§ **Task requirements**: An exact restatement of the data is required, with the images omitted.

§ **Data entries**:
================

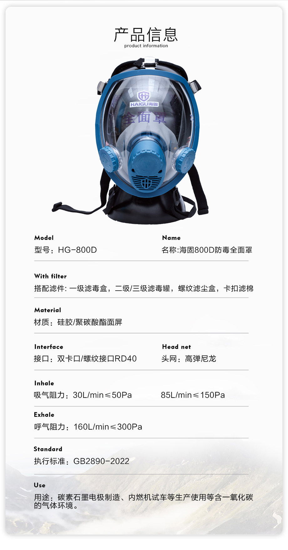海固800D全面罩+HG-ABS/P-CO-2濾毒罐 一氧化碳防護(hù)套裝
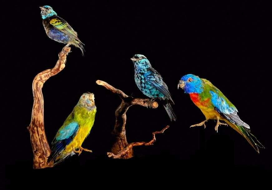 - 2 Tangara spp (NR) naturalisés sur branche et socle en bois
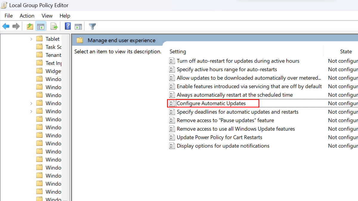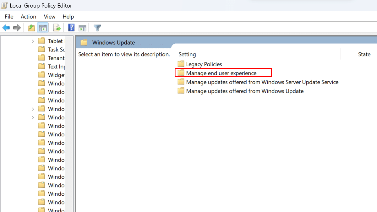 - Je suis arrivé au chemin suivant :Configuration de l'ordinateur>Modèles d'administration>Composants Windows>Mise à jour Windows> ouvrez le "Gestion et expérience utilisateur”.
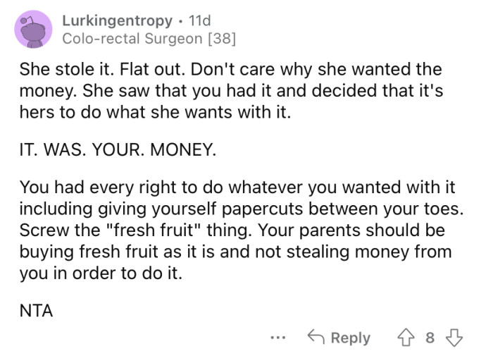 After all, OP was entitled to that money, and she could have put it towards something she really needed or wanted. Keep scrolling to see how people reacted.
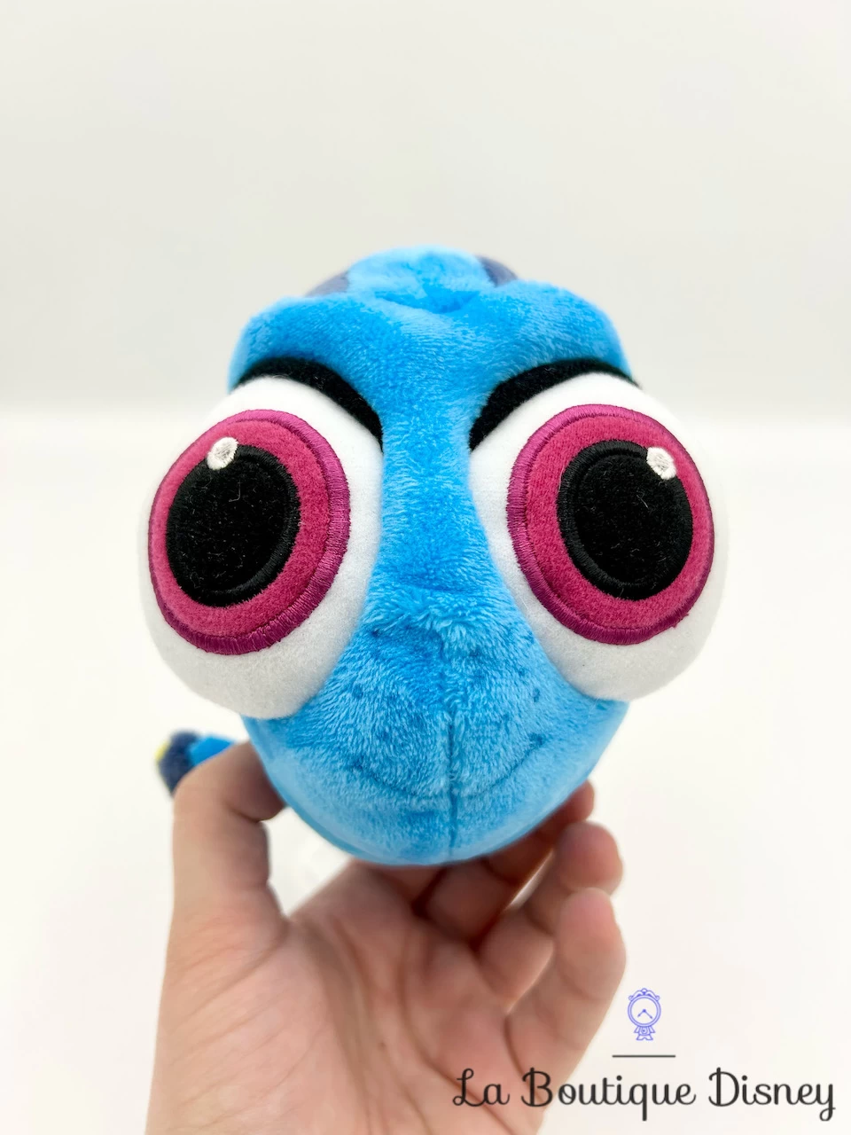 Peluche de Dory, un poisson bleu et jaune avec des problèmes de mémoire. Elle a de grands yeux brodés et un sourire brodé. Elle est ici représentée quand elle était bébé poisson.
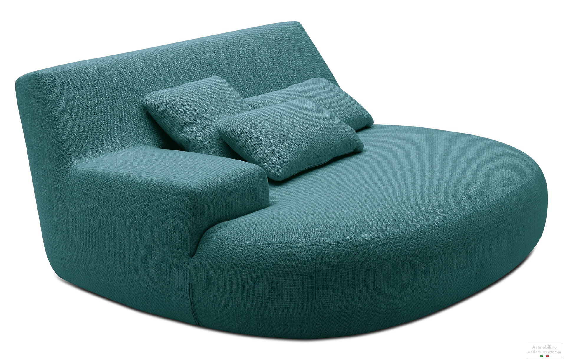 The Big Bug chair from Italian manufacturer Poliform. The model with one low armrest. The frame is hidden. As upholstery, the factory offers a choice of 7 colors of leather and fabric option 34. Complement the design of the decorative pillow of similar design.

================

§ **Answer space**:
海固800D全面罩+HG-ABS/P-CO-2濾毒罐 一氧化碳防護(hù)套裝
 - 2 Tangara spp (NR) naturalisés sur branche et socle en bois
 - Je suis arrivé au chemin suivant :Configuration de l'ordinateur>Modèles d'administration>Composants Windows>Mise à jour Windows> ouvrez le "Gestion et expérience utilisateur”.
 After all, OP was entitled to that money, and she could have put it towards something she really needed or wanted. Keep scrolling to see how people reacted.
 Peluche de Dory, un poisson bleu et jaune avec des problèmes de mémoire. Elle a de grands yeux brodés et un sourire brodé. Elle est ici représentée quand elle était bébé poisson.
 The Big Bug chair from Italian manufacturer Poliform. The model with one low armrest. The frame is hidden. As upholstery, the factory offers a choice of 7 colors of leather and fabric option 34. Complement the design of the decorative pillow of similar design.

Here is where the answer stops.